É difícil precisar, em poucas palavras, o que representa o Tempo para o homem não religioso das sociedades modernas. Não
é nosso propósito falar das filosofias modernas do Tempo, nem dos conceitos que a ciência contemporânea utiliza para suas
investigações. Nosso objetivo não é comparar sistemas ou filosofias, mas sim comportamentos existenciais. Ora, o que se
pode constatar relativamente a um homem não religioso é que também ele conhece certa descontinuidade e heterogeneidade
do Tempo. Também para ele existe o tempo predominantemente monótono do trabalho e o tempo do lazer e dos
espetáculos, numa palavra o “tempo festivo”. Também ele vive em ritmos temporais variados e conhece tempos
diferentemente intensos: quando escuta sua música preferida ou, apaixonado, espera ou encontra a pessoa amada, ele
experimenta, evidentemente, um ritmo temporal diferente de quando trabalha ou se entedia.

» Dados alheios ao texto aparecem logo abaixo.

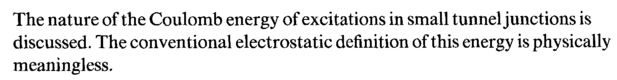 The nature of the Coulomb energy of excitations in small tunnel junctions is discussed. The conventional electrostatic definition of this energy is physically meaningless.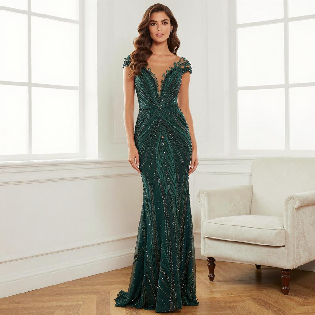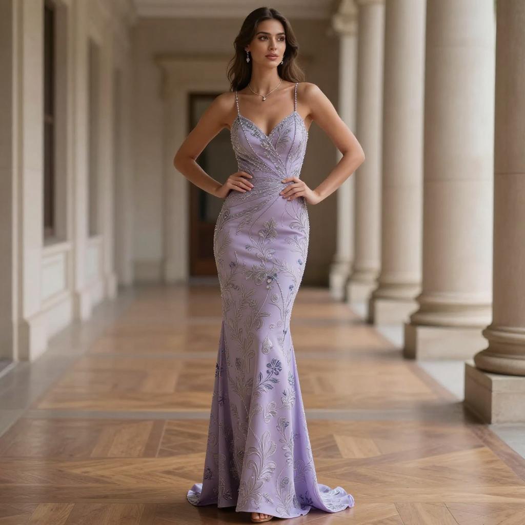 Elegant Woman in Silver Zebra Gown

Mas, em relação ao homem religioso, existe uma diferença essencial: este último conhece intervalos que são “sagrados”,
que não participam da duração temporal que os precede e os sucede, que têm uma estrutura totalmente diferente e outra
“origem”, pois se trata de um tempo primordial, santificado pelos deuses e suscetível de tornar-se presente pela festa. Para
um homem não religioso essa qualidade transhumana do tempo litúrgico é inacessível. Para o homem não religioso o
Tempo não pode apresentar nem ruptura, nem “mistério”: constitui a mais profunda dimensão existencial do homem, está
ligado à sua própria existência, portanto tem um começo e um fim, que é a morte, o aniquilamento da existência. Seja qual
for a multiplicidade dos ritmos temporais que experimenta e suas diferentes intensidades, o homem não religioso sabe que
se trata sempre de uma experiência humana, onde nenhuma presença divina se pode inserir.

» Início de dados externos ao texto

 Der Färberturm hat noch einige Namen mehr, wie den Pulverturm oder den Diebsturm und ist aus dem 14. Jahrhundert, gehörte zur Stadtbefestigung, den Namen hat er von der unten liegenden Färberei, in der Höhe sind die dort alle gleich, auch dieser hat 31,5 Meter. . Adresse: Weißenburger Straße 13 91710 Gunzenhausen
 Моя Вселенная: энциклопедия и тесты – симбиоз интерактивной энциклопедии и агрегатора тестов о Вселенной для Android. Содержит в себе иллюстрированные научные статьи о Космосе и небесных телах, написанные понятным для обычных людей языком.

Para o homem religioso, ao contrário, a duração temporal profana pode ser “parada” periodicamente pela inserção, por meio
dos ritos, de um Tempo sagrado, não histórico (no sentido de que não pertence ao presente histórico). Tal como uma igreja
constitui uma ruptura de nível no espaço profano de uma cidade moderna, o serviço religioso que se realiza no seu interior
marca uma ruptura na duração temporal profana: já não é o Tempo histórico atual que é presente – o tempo que é vivido,
por exemplo, nas ruas vizinhas –, mas o Tempo em que se desenrolou a existência histórica de Jesus Cristo, o tempo
santificado por sua pregação, por sua paixão, por sua morte e ressurreição. É preciso, contudo, esclarecer que este exemplo
não explicita toda a diferença existente entre o Tempo profano e o Tempo sagrado, pois, em relação às outras religiões, o
cristianismo inovou a experiência e o conceito do Tempo litúrgico ao afirmar a historicidade da pessoa do Cristo. A liturgia
cristã desenvolve-se num tempo histórico santificado pela encarnação do Filho de Deus. O Tempo sagrado, periodicamente
reatualizado nas religiões pré-cristãs (sobretudo nas religiões arcaicas), é um Tempo mítico, quer dizer, um Tempo
primordial, não identificável no passado histórico, um Tempo original, no sentido de que brotou “de repente”, de que não
foi precedido por um outro Tempo, pois nenhum Tempo podia existir antes da aparição da realidade narrada pelo mito.